В отличие от представителей современной юридической науки, классики отечественной правовой мысли осуществляли анализ социологических, психологических и нравственных предпосылок права и государства, что в Х1Х-ХХ вв. представляло собой отказ от позитивно-юридического догматического подхода к проблемам права.
Сильнейшей фигурой отечественной правовой мысли являлся известный ученый Николай Михайлович Коркунов, который уже в первых трудах заявил о своей приверженности юридическому позитивизму, но впоследствии перешел от классического его варианта к социально-психологической концепции. Н. М. Коркунов был одним из тех, кто «уловил» тенденцию движения в сторону психологической интерпретации социальных процессов с акцентом на человеческий фактор в общественных отношениях. Анализируя психологическую обусловленность чувства права, он отмечал, что сознание обусловленной какой-либо общей идеей возможности требовать чего-либо от другого и есть чувство право, а сама условная возможность - право [1].

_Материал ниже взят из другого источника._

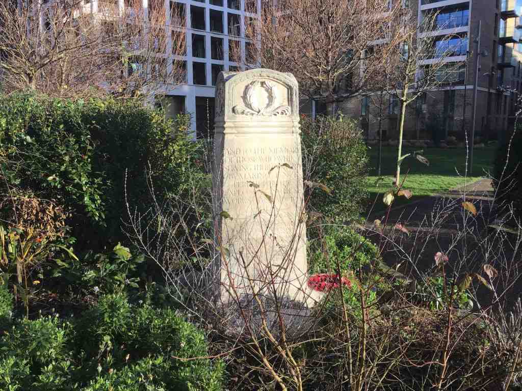In the midst of the new developments are several parks and in one I found this simple but beautifully situated memorial just 2 minutes walk from a very expansive River Thames.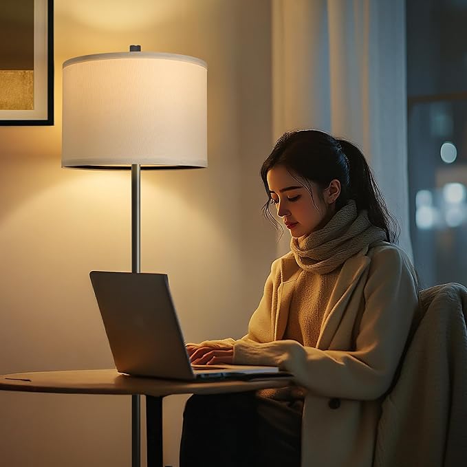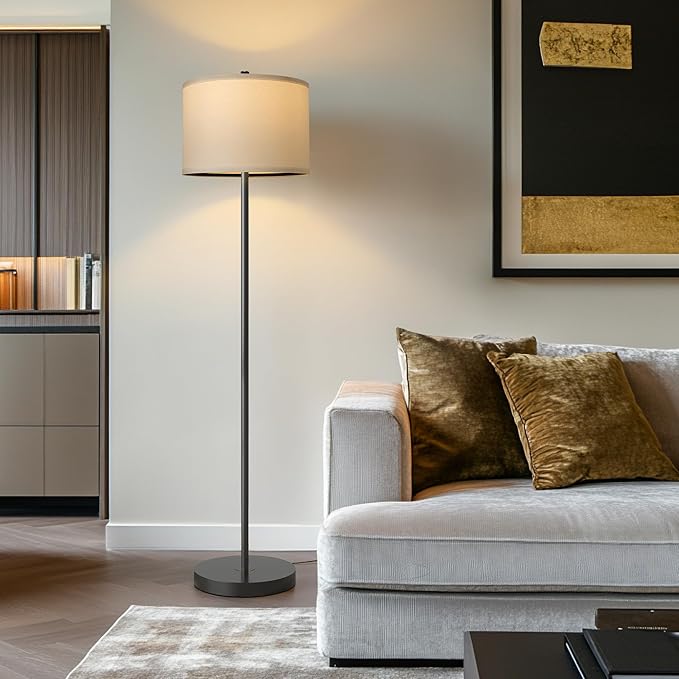 - Elegant & Industrial Design: Black standing lamp ,metal material, White Linen Lamp shade,The gorgeous industrial floor lamp is highly suited for any decoration style, such as modern, vintage, minimalist and so on.

Другим видным российским исследователем социально-психических истоков права был Л. И. Петражицкий, считающийся основоположником психологической школы права. Многие авторы, занимающиеся изучением его творчества, отмечают, что по своей философско-методологической ориентации Петражицкий оставался в целом на позициях позитивизма, однако он существенно расширил рамки традиционной позитивистской методологии, привнеся в нее методы психологического анализа такого социального явления, как право [2, с. 68].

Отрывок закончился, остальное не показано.